Exercise requirements:
Wherever a picture appears in the listing, leave it out, and copy the rest exactly.

Records shown:
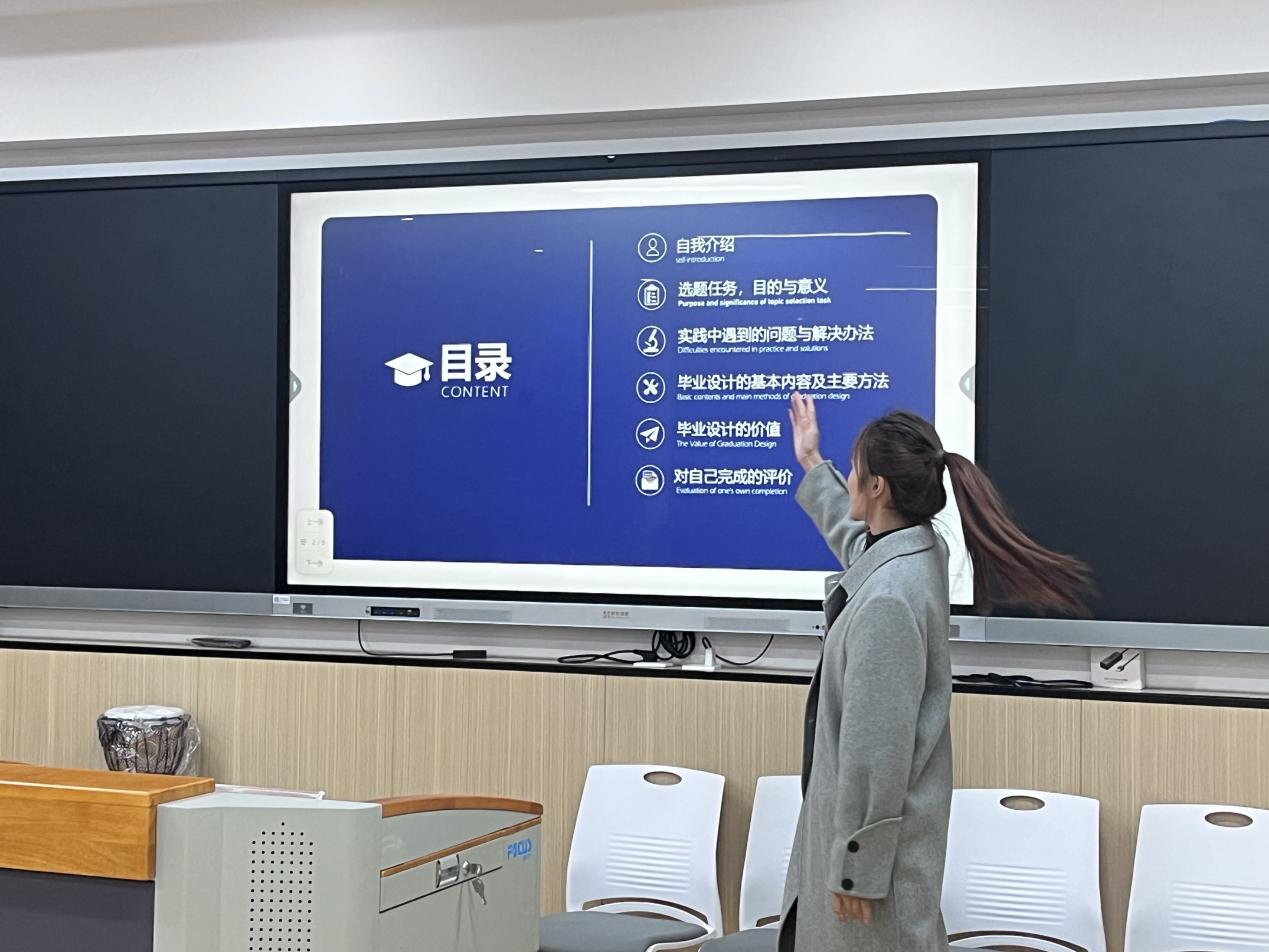 答辩老师本着严谨认真的态度,听取同学们的现场陈述,并仔细审阅材料,从多个角度有针对性地向答辩人抛出相关问题,并针对同学们毕业设计中的不足之处给出中肯的修改意见。
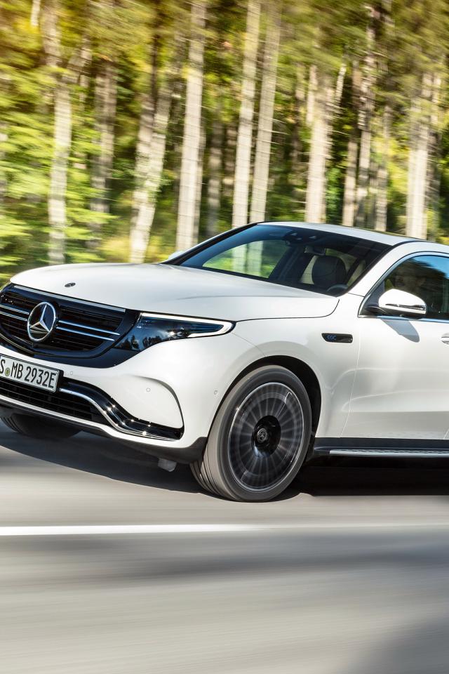 Wallpaper White SUV Mercedes-Benz EQC, 2020 on the track
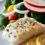 This Heavenly Halibut recipe features tender, flaky halibut fillets topped with a savory Parmesan cheese mixture, broiled to perfection for a quick and delicious seafood dinner.
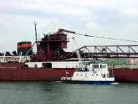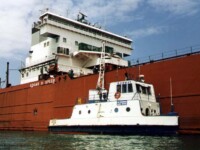 To some the Ojibway is an awkward looking boat, but she is easily recognized by the crane that sits behind her small pilothouse. The crane is used to lift large pallets of anything the ship may need from food to engine parts up to the the ship’s spar deck. The process of resupply is usually done as a vessel passes downbound, the Ojibway finds a spot to wait in the river as the ship begins to head closer, as the ship passes and slows down the Ojibway will come alongside and ties up to the ship. The pallets of supplies are then lifted up to the ship while such things as mail, garbage and dirty linens are taken back to be sent out, disposed of or cleaned. Sometimes members of the crew or visitors also get off and are taken back to the warehouse. After all supplies are aboard and anything needed to be taken off is on the Ojibway, the lines are cast and the ship continues on, and the Ojibway returns to the warehouse.
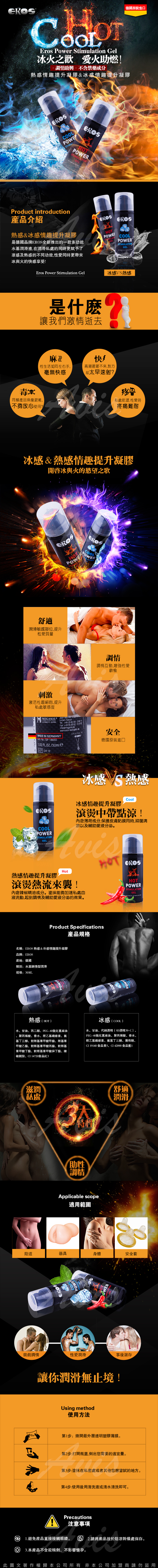 .主商品:德國Eros COOL POWER 冰火之歡 熱感情趣提升凝膠 30ml
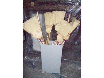 Lot #201 - Trash Can with (12) Brooms
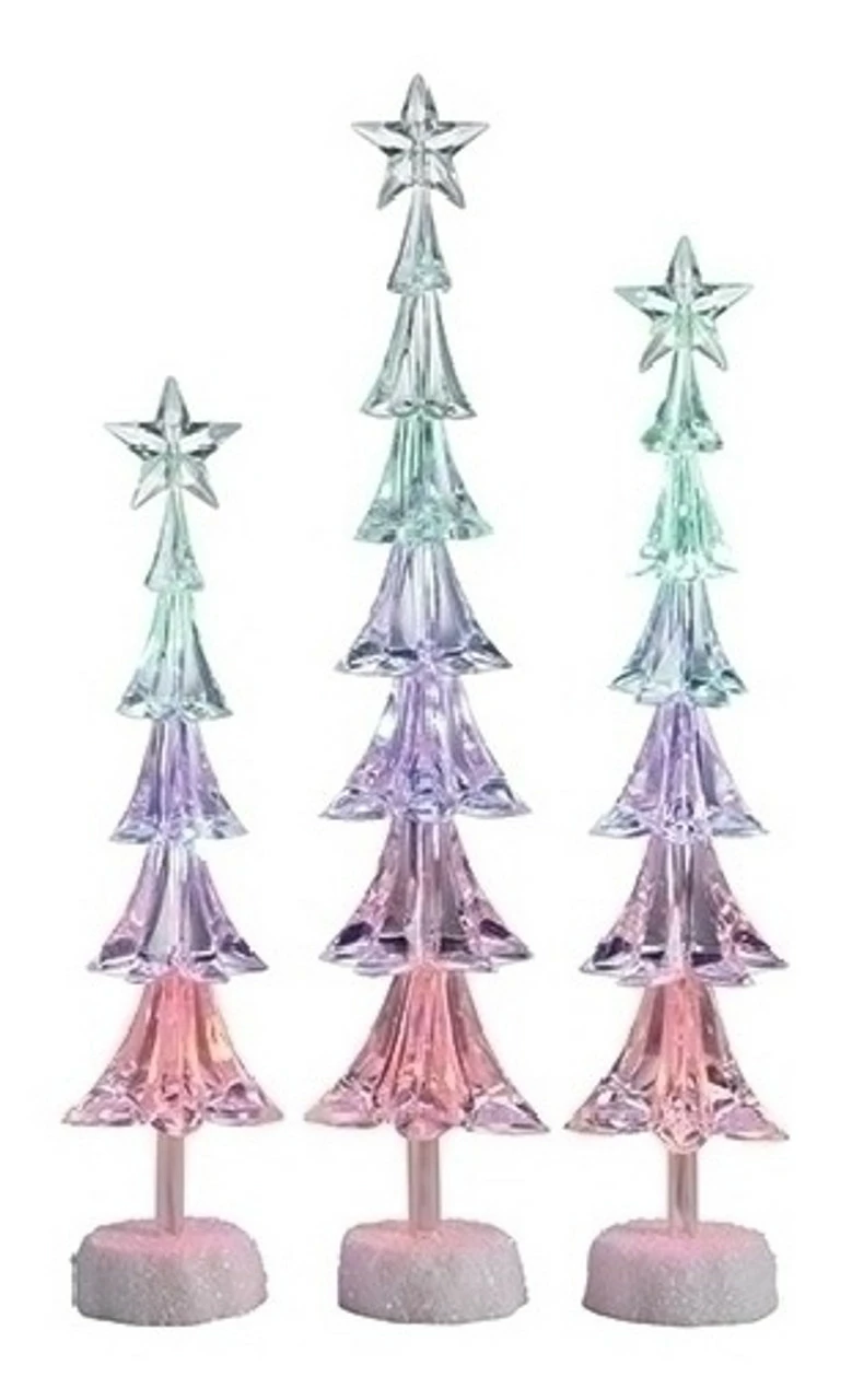 Trees have an icy look and lighted with multi-colored LED lights and accented with a single star

Answer area:
 答辩老师本着严谨认真的态度,听取同学们的现场陈述,并仔细审阅材料,从多个角度有针对性地向答辩人抛出相关问题,并针对同学们毕业设计中的不足之处给出中肯的修改意见。
 Wallpaper White SUV Mercedes-Benz EQC, 2020 on the track
 This Heavenly Halibut recipe features tender, flaky halibut fillets topped with a savory Parmesan cheese mixture, broiled to perfection for a quick and delicious seafood dinner.
 To some the Ojibway is an awkward looking boat, but she is easily recognized by the crane that sits behind her small pilothouse. The crane is used to lift large pallets of anything the ship may need from food to engine parts up to the the ship’s spar deck. The process of resupply is usually done as a vessel passes downbound, the Ojibway finds a spot to wait in the river as the ship begins to head closer, as the ship passes and slows down the Ojibway will come alongside and ties up to the ship. The pallets of supplies are then lifted up to the ship while such things as mail, garbage and dirty linens are taken back to be sent out, disposed of or cleaned. Sometimes members of the crew or visitors also get off and are taken back to the warehouse. After all supplies are aboard and anything needed to be taken off is on the Ojibway, the lines are cast and the ship continues on, and the Ojibway returns to the warehouse.
 .主商品:德國Eros COOL POWER 冰火之歡 熱感情趣提升凝膠 30ml
 Lot #201 - Trash Can with (12) Brooms
 Trees have an icy look and lighted with multi-colored LED lights and accented with a single star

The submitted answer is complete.